• Your task:
What should be copied is the stretch of entries below from the line with "Из рассмотрения структурной" up to and including the line with "Bold and monochromatic", exactly and without images.

• Provided entries:

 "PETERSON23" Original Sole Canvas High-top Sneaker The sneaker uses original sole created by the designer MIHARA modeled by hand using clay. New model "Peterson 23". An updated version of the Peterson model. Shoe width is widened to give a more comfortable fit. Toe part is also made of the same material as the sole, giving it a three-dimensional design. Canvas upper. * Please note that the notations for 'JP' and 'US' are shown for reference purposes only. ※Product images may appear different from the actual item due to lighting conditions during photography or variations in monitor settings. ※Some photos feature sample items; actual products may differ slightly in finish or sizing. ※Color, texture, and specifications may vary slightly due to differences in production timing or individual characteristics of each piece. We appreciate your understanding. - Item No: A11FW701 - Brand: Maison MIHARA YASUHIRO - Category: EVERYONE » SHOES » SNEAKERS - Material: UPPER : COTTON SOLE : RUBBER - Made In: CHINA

---

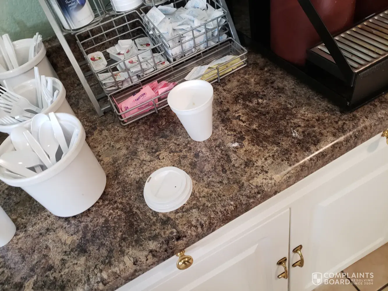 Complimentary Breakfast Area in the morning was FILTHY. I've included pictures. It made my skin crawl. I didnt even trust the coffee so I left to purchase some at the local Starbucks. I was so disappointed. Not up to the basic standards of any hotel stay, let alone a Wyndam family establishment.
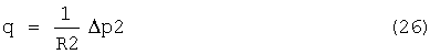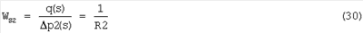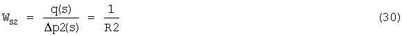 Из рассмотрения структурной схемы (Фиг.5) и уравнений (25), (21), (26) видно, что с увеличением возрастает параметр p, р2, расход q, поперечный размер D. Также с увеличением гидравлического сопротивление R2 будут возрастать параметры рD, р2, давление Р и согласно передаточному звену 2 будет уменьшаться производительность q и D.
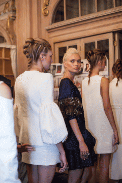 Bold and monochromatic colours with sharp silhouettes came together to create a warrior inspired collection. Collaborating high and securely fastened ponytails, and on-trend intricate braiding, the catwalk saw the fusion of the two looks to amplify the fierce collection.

• Solved problem:
 Из рассмотрения структурной схемы (Фиг.5) и уравнений (25), (21), (26) видно, что с увеличением возрастает параметр p, р2, расход q, поперечный размер D. Также с увеличением гидравлического сопротивление R2 будут возрастать параметры рD, р2, давление Р и согласно передаточному звену 2 будет уменьшаться производительность q и D.
 Bold and monochromatic colours with sharp silhouettes came together to create a warrior inspired collection. Collaborating high and securely fastened ponytails, and on-trend intricate braiding, the catwalk saw the fusion of the two looks to amplify the fierce collection.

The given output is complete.